I find myself torn on the mechanics behind the combat in Devil Survivor 2. The basics of combat itself, built primarily around shifting Extra Turns and destroying foes with your four teams of three combatants, makes sense. The problem is team prep toes the line between complexity and excessive minutiae. You have your main cast, who participate in each battle alongside their chosen demons. Each of them leans in a specific direction - Jungo is mostly physical, Fumi is a magic cannon - but then you also have a host of skills you can equip or learn from the demons you fight. Think of them as each team's anchor.
Then each character also has their assigned demon companions, which you can acquire via Demon Auction or Demon Fusion, both of which are entire worlds on their own. You'll find yourself spending hours in this loop of Auctions, Fusions, and Free Battles, testing your various team combinations, stealing new skills, and leveling up. You have a huge degree of flexibility in team composition, allowing you to create some insane groups, but I admit it may be a high wall for some players. It's not like Disgaea where these deeper systems exist, but can be ignored by neophyte players; Devil Survivor 2's high difficulty means you need to use every tool in your arsenal. Even on the lower Blessed difficulty, DS2 will throw some pain your way.
That said, we're not exactly swimming in great strategy RPGs these days, so anyone stepping up to take a shot at Devil Survivor 2: Record Breaker is probably ready to put in the work.
I think the best design decision in Devil Survivor 2 is the ongoing timer. Each event, outside of the grind-happy Free Events, costs 30 minutes in in-game time. You only have seven days to save the world. This means you have to make hard choices: which places do you go, which events do you take part in? Not only does this help the branching narrative, but it also gives the entire game a sense of urgency and pacing. Outside of team prep, the game can feel like it's screaming along to its conclusion. Time limits keep the game focused, which is good given everything that's available for you to do.
Record Breaker is good enough that I want to jump back and pick up Devil Survivor Overclocked, the re-release of the first game in the series. Does it require a lot of your attention just to skim through the main campaign? Yes. If you're not willing to put in that work, DS2 is not for you. That said, DS2 is a legitimately great strategy RPG, even if I feel it falls short of some of my favorites in the genre. It's worth a purchase for an strategy RPG fan.
Easy to navigate, and MegaTen of course continues to set the industry standard for stylish-looking menus.
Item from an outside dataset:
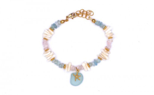 【ブレスレット&イヤリング】Lサイズ|サンゴとシーグラスのアクセサリーセット
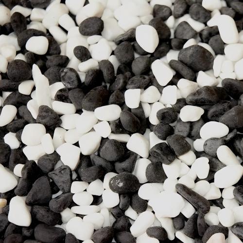 White and black aquarium gravel is a popular, decorative, and functional substrate, often featuring a blend of white/beige and black/grey stones ranging in size. It is widely used to enhance the aesthetics of aquariums, aquascapes, and vivariums, frequently utilizing epoxy-coated, non-toxic materials that do not affect the pH of the water.

It's a pretty massive RPG, and this release is about 50% larger than the original version.
Much cleaner-sounding than on DS, and Shoji Meguro's new tunes in the Triangulum chapter sound great. And you can crank up or shut down the (English-only) voice work, as you prefer.
You'll love or hate the ultra-anime character portraits, but the battlefield graphics are the best kind of old-school isometric sprites.
Record Breaker improves on the original version of Devil Survivor 2 in every respect. Anyone who passed it over the first time around, in the dying days of the DS, absolutely needs to give it a look. Veteran players should give it a thought, too, despite its premium price — the new material is substantial, and you can jump immediately into the Triangulum chapter. In all, this is a hefty and well-crafted RPG, and it puts a great spin on the time-tested rules of MegaTen.